Locusts & Climate Change Plague Yemen on top of al-Qaeda, Drones, Huthis (Video of the Day)

Yemen has suffered flash floods and unusual amounts of rainfall recently. These phenomena are not new, but they may be increasing because of climate change, which increases water vapor in the atmosphere. Locusts flourish in wetter top soil.

Yemen is an agricultural society and much of the population is food insecure to begin with. Climate change threatens to depopulate the place and force mass migration to Saudi Arabia (not friendly to undocumented aliens).

ITN reports:

The International Food Policy Research Institute writes:

“The new IFPRI Discussion Paper “Climate Change and Floods in Yemen” by Manfred Wiebelt, Clemens Breisinger, Olivier Ecker, Perrihan Al-Riffai, Richard Robertson , and Ranier Thiele assesses the impact of climate change on Yemen’s economy and food security. The effects of climate change are extremely salient considering Yemen’s high levels of food import dependency, food insecurity, and poverty. An estimated 43 percent of Yemenis live in poverty, and 32 percent of the population does not have access to enough food.

The paper shows that climate change will have a negative impact of the country’s future development. The number of poor and food insecure people will increase, it argues, as climate change causes higher food prices on the global level and a long-term reduction in agricultural yields, and potentially increases the frequency of flooding.

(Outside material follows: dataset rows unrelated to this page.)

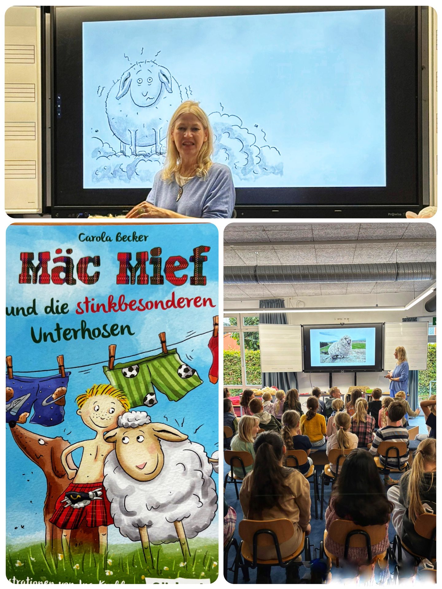 Am 7. und 8.10. bekamen wir Besuch von Frau Becker, die uns aus ihren Büchern vorlas. Im 2. Schuljahr las sie aus dem Buch „Mäc Mief und die stinkbesonderen Unterhosen“. Es ging um eine spannende Detektivgeschichte in der Detektiv-Schaf Mäc Mief und Hütehund Bonnie ermitteln und versuchen herauszufinden, wer die Unterhosen von Finn geklaut hat. Nebenbei erfuhren die Kinder noch ganz viel über Schafe und wie eigentlich so ein Buch geschrieben wird. Jeder durfte sich zum Abschluss einen Schafstempel auf die Hand abholen.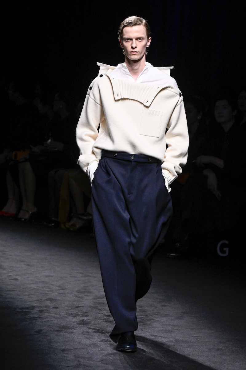 クワイエット・ラグジュアリーの潮流が続くメンズファッションでは、テーラードジャケットやコート、ミリタリーウエアやジーンズといったメンズワードローブのステイプル(定番)を基底に置いたスタイルが、引き続き提案の主軸。この間に目まぐるしく続いたデザイナー・シャッフルの様相に反して劇的な変化は見られないものの、デザイナーたちの思索の深層では、新たな価値転換が起こり始めています。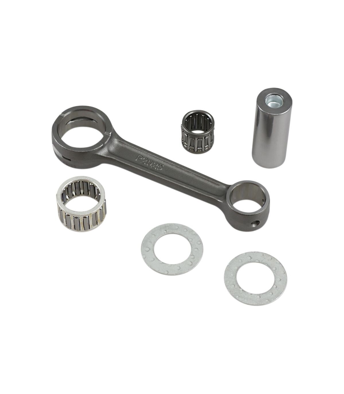 Connecting Rod Kit for 2-StrokeDesigned to fit OEM bearing and crank pinShot peened for ultimate strength and long life8620 forged alloyFEA (computer simulation) used to fine tune every designGerman engineeredFor best results use corresponding Wössner piston kit.Kit includes connecting rod, bearing, big end pin, top end bearing, and washers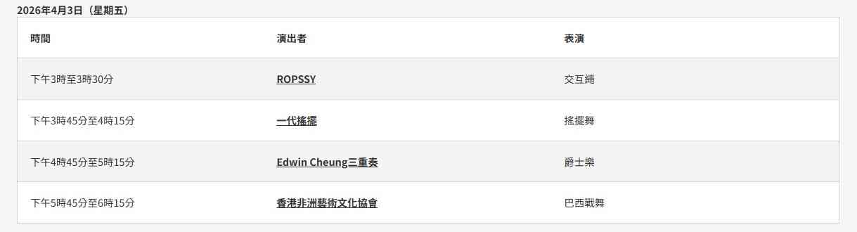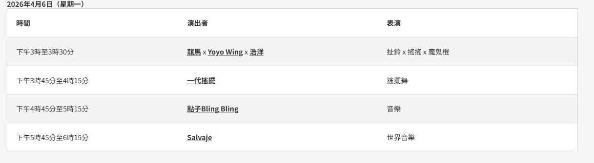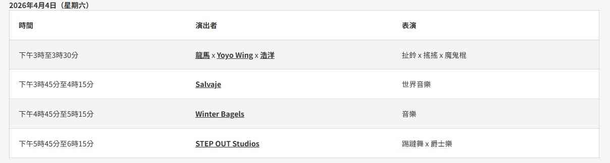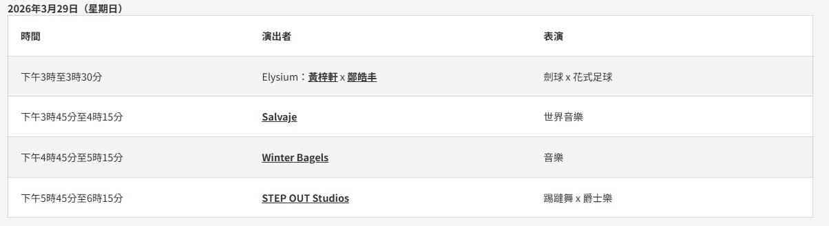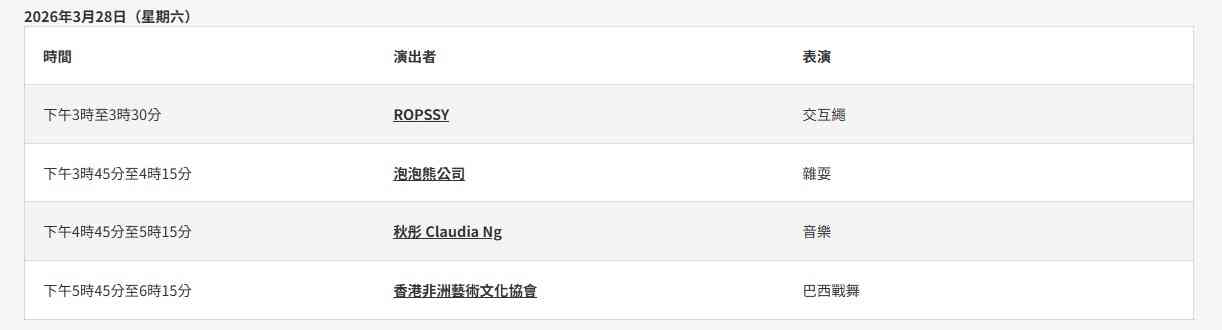 由音乐人Floro Sernande带领的巴西音乐敲击乐团Salvaje,以热力四射的森巴节奏营造嘉年华狂热气氛,邀请大家跟着节拍拍手、摆动身体。本地杂耍艺术家更会与观众近距离互动,施展各种高超技艺。曾在才艺真人秀节目《1 Take过》中登场的香港交互绳代表团体ROPSSY,将带来一边跳舞一边跳绳等高难度动作,更会在快速交替的双绳之间加入打空翻等华丽招式,技惊四座。

Global commodity price changes will threaten the country’s already vulnerable populations. Although higher global prices will raise agricultural GDP, they will lower Yemen’s overall GDP growth and decrease household incomes.

Climate change will induce considerable economic losses and spikes in food prices…”

3 Responses

  1. Environmental pollution is itself an environmental terrorism and we need to give equal attention to control it. Else it will become more lethal than weapon based terrorism.

  2. I think of Yemen as needing more water for agriculture,
    since so much of Yemen’s water goes into growing Qhat, the leafy bush they chew as a narcotic.
    Counterintutive that more water is a problem.
    Folks have learned to protect against locusts elsewhere.